• **Task goal**
Return the listing exactly as it appears, but strip out the images.

• **Source material**

>>>

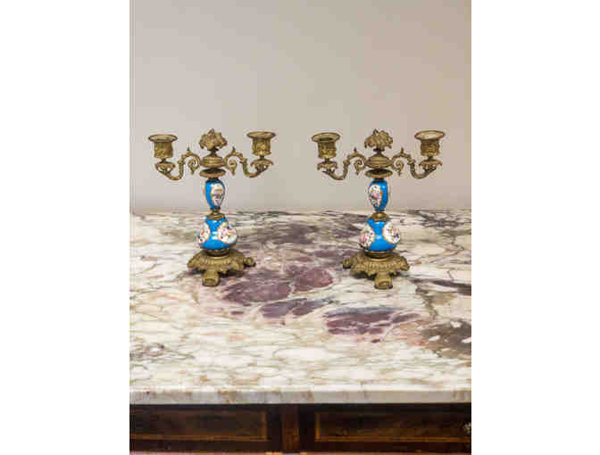 Pair of French bronze-and-porcelain two-branch candelabra with robin's egg-blue background and floral decoration 11" high, As Found
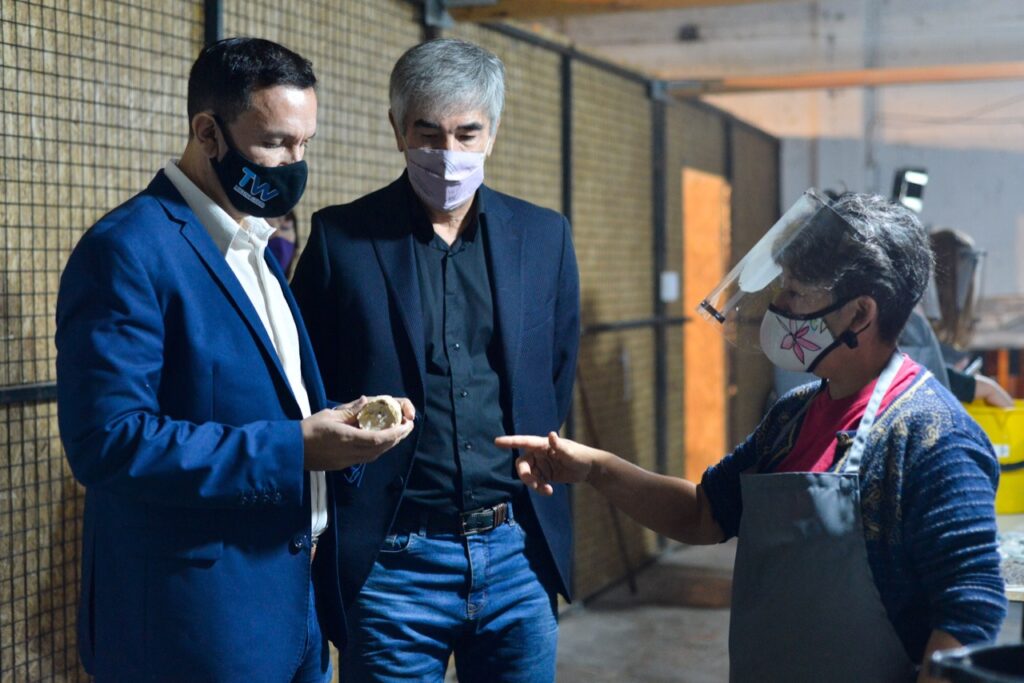 “Es un grupo de jóvenes que elaboran Ecoleña con material ecológico de reciclaje que sirve de insumo para calefacción a diferentes familias que no cuentan aún con el servicio de gas natural, fortaleciendo de este modo el Plan Calor que se ejecuta invierno tras invierno”, destacó el intendente Adrián Maderna durante la visita que realizó hoy.
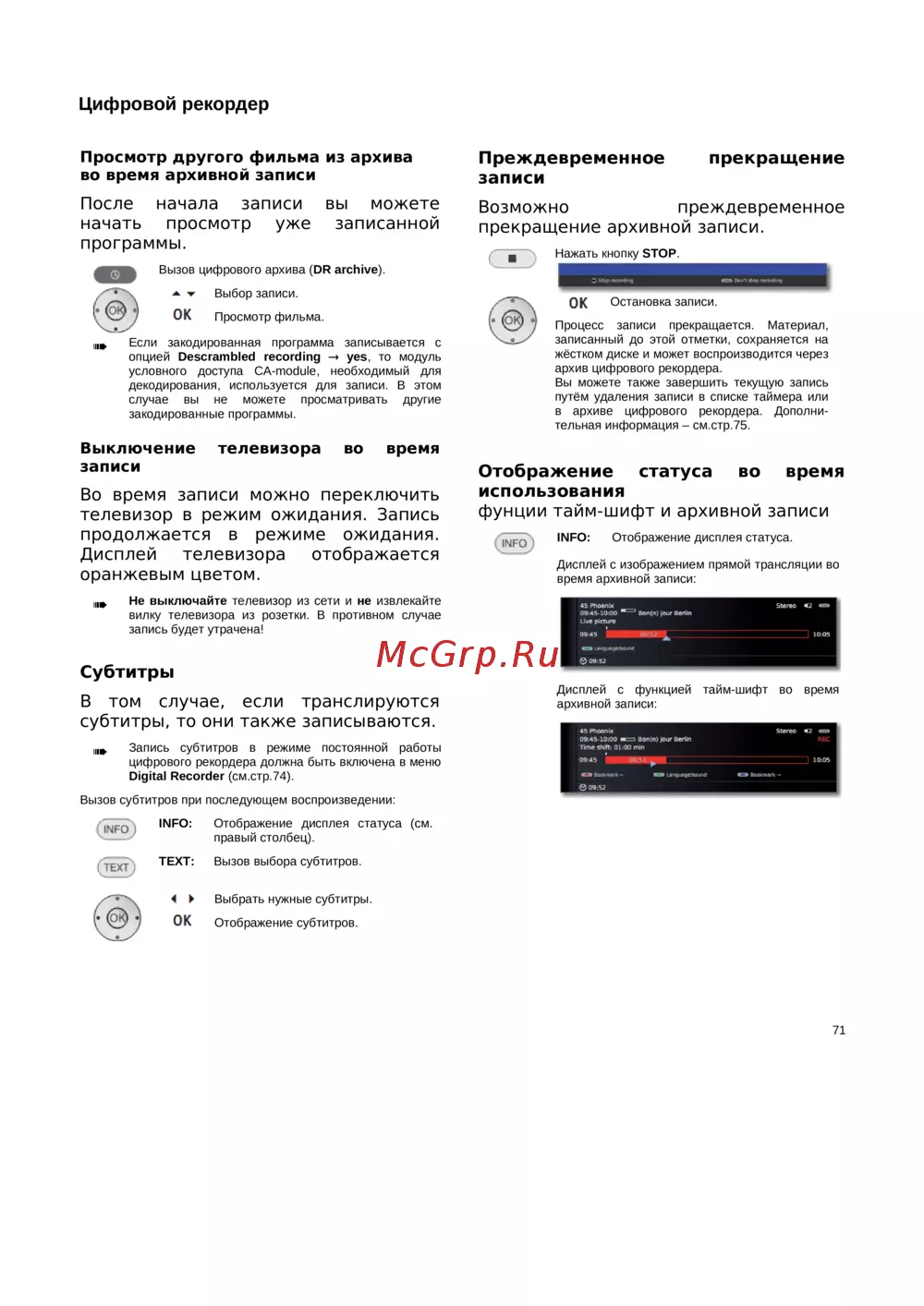 Узнайте, как использовать цифровой рекордер для записи и просмотра программ. Получите советы по настройке субтитров и управлению записями.
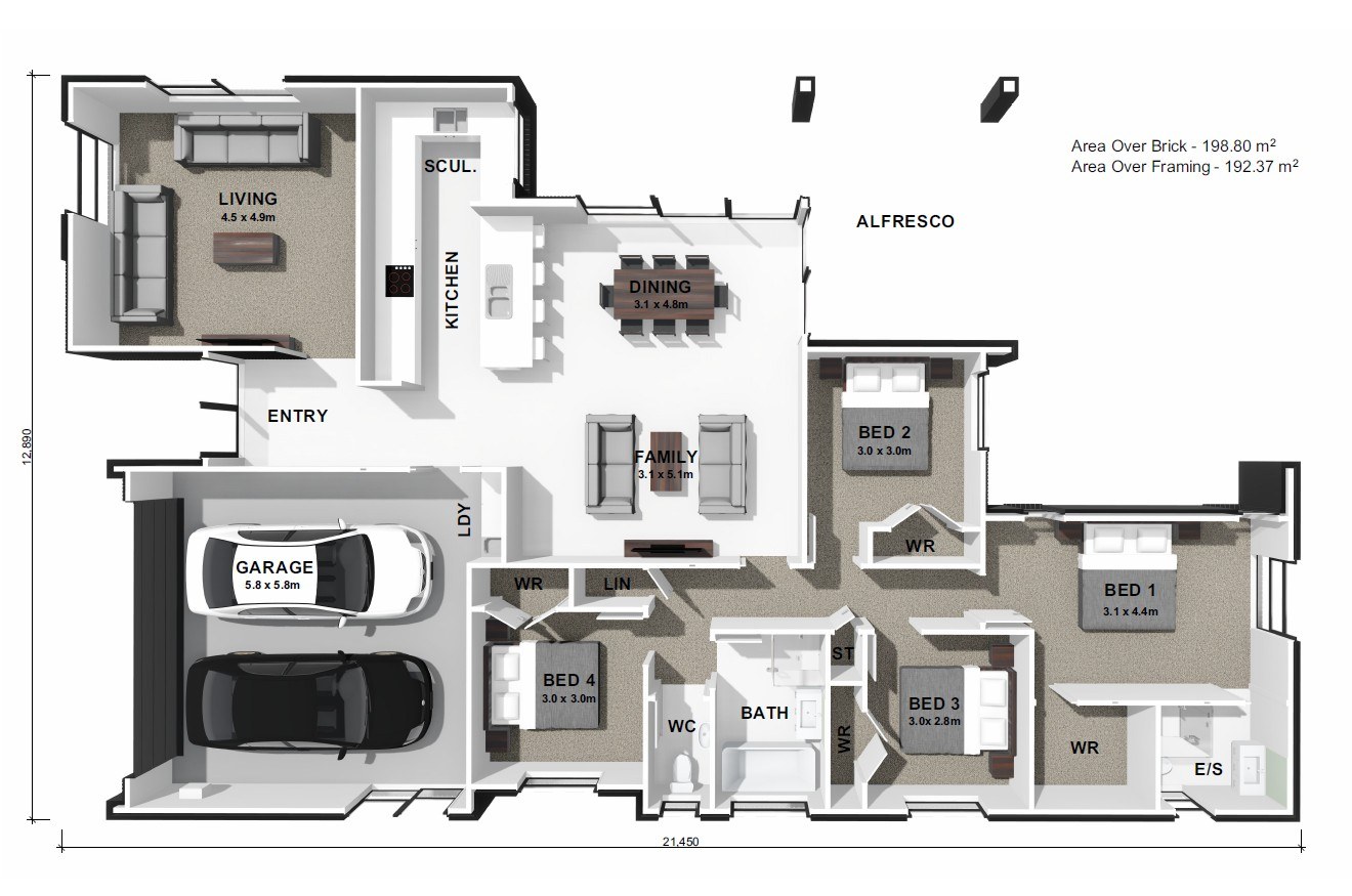 The Fernwood plan is a thoughtfully designed, single‑level home that blends modern style with everyday practicality. Featuring four well‑proportioned bedrooms, including a privately positioned master suite with walk‑in wardrobe and ensuite, the layout offers comfortable family living with clear separation of spaces. The open‑plan kitchen, dining and living area forms the heart of the home, complete with a well‑appointed kitchen and walk‑in scullery, while easy indoor–outdoor flow connects to the alfresco area for relaxed entertaining. A family bathroom with separate toilet, dedicated laundry, ample storage, and a double internal‑access garage complete this compact and functional design.

<<<

• **Reply to the task**
 Pair of French bronze-and-porcelain two-branch candelabra with robin's egg-blue background and floral decoration 11" high, As Found
 “Es un grupo de jóvenes que elaboran Ecoleña con material ecológico de reciclaje que sirve de insumo para calefacción a diferentes familias que no cuentan aún con el servicio de gas natural, fortaleciendo de este modo el Plan Calor que se ejecuta invierno tras invierno”, destacó el intendente Adrián Maderna durante la visita que realizó hoy.
 Узнайте, как использовать цифровой рекордер для записи и просмотра программ. Получите советы по настройке субтитров и управлению записями.
 The Fernwood plan is a thoughtfully designed, single‑level home that blends modern style with everyday practicality. Featuring four well‑proportioned bedrooms, including a privately positioned master suite with walk‑in wardrobe and ensuite, the layout offers comfortable family living with clear separation of spaces. The open‑plan kitchen, dining and living area forms the heart of the home, complete with a well‑appointed kitchen and walk‑in scullery, while easy indoor–outdoor flow connects to the alfresco area for relaxed entertaining. A family bathroom with separate toilet, dedicated laundry, ample storage, and a double internal‑access garage complete this compact and functional design.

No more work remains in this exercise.